- Born: Herbert Lawrence Greenidge January 1, 1936 (age 90) Hamilton, Ontario, Canada
- Genres: Avant-garde jazz
- Occupation: Musician
- Instrument: Guitar
- Labels: Justin Time, Sackville, Kleo, Cornerstone, PM Records

= Sonny Greenwich =

Canadian guitarist

Sonny Greenwich, (born January 1, 1936) is a Canadian guitarist. He has played in major Canadian and American cities including a concert at Carnegie Hall. He has performed with musicians such as Charles Lloyd, Wayne Shorter, Pharoah Sanders, McCoy Tyner, Chick Corea, John Handy and Sun Ra.

==Biography==
Born in Hamilton, Ontario, Sonny Greenwich first drew notice for his style in 1959 in Toronto, Ontario. In 1965 he performed in New York City at The Village Gate with saxophonist Charles Lloyd. Greenwich's reputation, grew by word of mouth, bringing him to the attention of John Handy, with whom he played from December 1966 through March 1967 in Vancouver, Seattle, San Francisco and New York playing with another Canadian, bassist Don Thompson. Columbia Records released their concert appearance as Spirituals to Swing. It was also at this time that Greenwich recorded the album Third Season, with well-known saxophonist, Hank Mobley, on Blue Note Records.
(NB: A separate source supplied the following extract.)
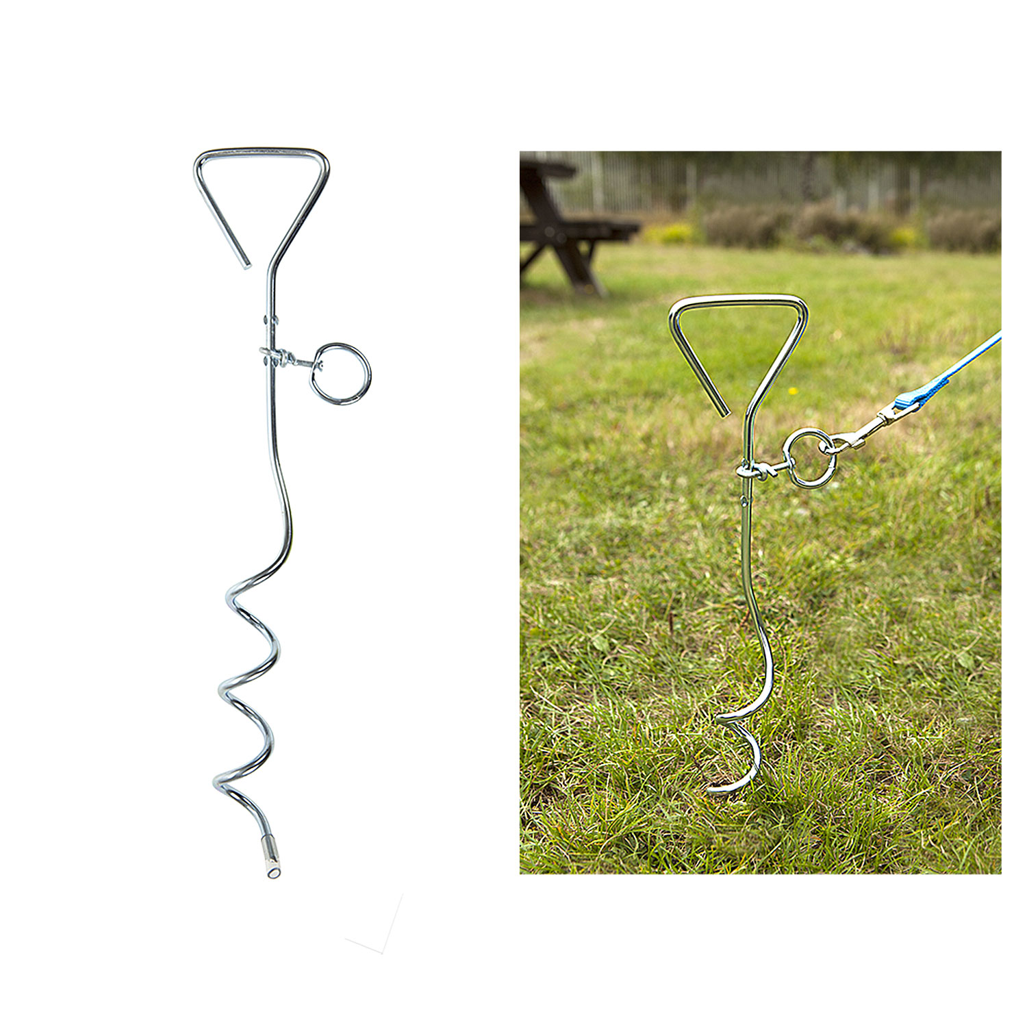 With its corkscrew design, this spiral anchor simply twists into the ground - ready for you to attach your pets lead to the ring provided. With its rotating abilities, your pet will be allowed to roam freely and safely while attached to the anchor. Ideal for when you are camping or on a picnic.

The New Grove Dictionary of Jazz states that "Some critics regard Greenwich as the most important Canadian jazzman".
He is listed as one of the '10 Best Canadian Jazz Musicians of All Time' in the Canadian Book of Lists, and in The History of the guitar in jazz Barney Kessel writes, "There is a deep emotion and sincerity in Sonny's music ... and I consider him a really rare kind of talent". Greenwich's prominence has him written up in the Canadian Encyclopedia; and the Jazz in Canada. Michael Bloomfield listed Sonny Greenwich as one of his favorite jazz guitarists in the August 1971 issue of Guitar Player magazine stating, "There's a guy named Sonny Greenwich, from Canada, he's a phenomenon. They talk about John McLaughlin, but dig this Sonny cat, he's the Coltrane of guitar players."
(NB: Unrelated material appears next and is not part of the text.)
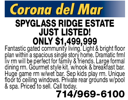 Corona del Mar SPYGLASS RIDGE ESTATE JUST LISTED! ONLY $1,499,999 Fantastic gated community living. Light & bright floor plan within a spacious single story home. Dramatic frml liv rm will be perfect for family & friends. Large formal dining rm. Gourmet style kit. w/nook & breakfast bar. Huge game rm w/wet bar. Sep kids play rm. Unique floor to ceiling windows. Private rear grounds w/pool & spa. Priced to sell. Call today. 714/969-6100

In 1968, Sonny Greenwich led his own quartet, of pianist Teddy Saunders, bassist Jimmy Garrison and drummer Jack DeJohnette at the Village Vanguard in New York. In December 1969 Greenwich performed with Miles Davis, Wayne Shorter, Chick Corea, Dave Holland and Tony Williams at the Colonial Tavern in Toronto. The following year, Greenwich's own group opened for the Miles Davis band at Massey Hall.

In 2006, he was made a Member of the Order of Canada.
In 2021, he received the Canadian Jazz Master Award.
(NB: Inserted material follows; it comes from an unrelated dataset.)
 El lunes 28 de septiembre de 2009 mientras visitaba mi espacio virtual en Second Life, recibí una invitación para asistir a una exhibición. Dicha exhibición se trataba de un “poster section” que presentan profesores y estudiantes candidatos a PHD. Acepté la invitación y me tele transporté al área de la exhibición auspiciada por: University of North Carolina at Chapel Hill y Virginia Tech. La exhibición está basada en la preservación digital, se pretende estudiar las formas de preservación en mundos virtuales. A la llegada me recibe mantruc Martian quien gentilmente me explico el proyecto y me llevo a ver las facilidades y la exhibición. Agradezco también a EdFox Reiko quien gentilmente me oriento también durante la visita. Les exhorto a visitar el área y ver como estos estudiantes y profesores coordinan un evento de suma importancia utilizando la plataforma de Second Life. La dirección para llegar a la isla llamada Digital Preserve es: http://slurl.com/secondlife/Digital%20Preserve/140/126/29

In 2020, Canadian jazz critic Mark Miller published a book-length biography of Greenwich entitled, Of Stars and Strings: A Biography of Sonny Greenwich.

==Personal life==
He is the father of Sonny Greenwich Jr., guitarist of the Canadian funk-metal band Bootsauce.

==Discography==
- The Old Man and the Child (CBC/Sackville, 1970)
- Love Song for a Virgo Lady (CBC/Sackville, 1970)
- Sun Song Akasha, (CBC, 1974)
- Evolution, Love's Reverse (PM, 1979)
- Days Gone By (Sackville, 1979) with Ed Bickert
- Bird of Paradise (Justin Time, 1986)
- Live at Sweet Basil (Justin Time, 1987)
- Standard Idioms (Kleo, 1991/92)
- Outside In (Justin Time, 1994) with Paul Bley
- Hymn to the Earth (Kleo, 1994)
- Welcome: Mother Earth (Justin Time, 1995)
- Spirit in the Air (Kleo, 1995)
- Kenny & Sonny Live at the Montreal Bistro (Justin Time, 1997) (as the Kenny Wheeler & Sonny Greenwich Quintet)
- Fragments of a Memory, (Cornerstone, 2001)
- Special Angel (CBC, 2003) with Marilyn Lerner
- Essence (Kleo, 2009)
- Portraits (Kleo, 2009)

== As a Sideman ==
- Lee Gagnon, Jazzzzz (Radio Canada International, 1969)
- Moe Koffman, Solar Explorations (GRT, 1974)
- Hank Mobley, Third Season (Blue Note, 1980)
- Hilario Duran, Francisco's Song (Justin Time, 1996)
- Barry Elmes, Different Voices (Cornerstone, 1997)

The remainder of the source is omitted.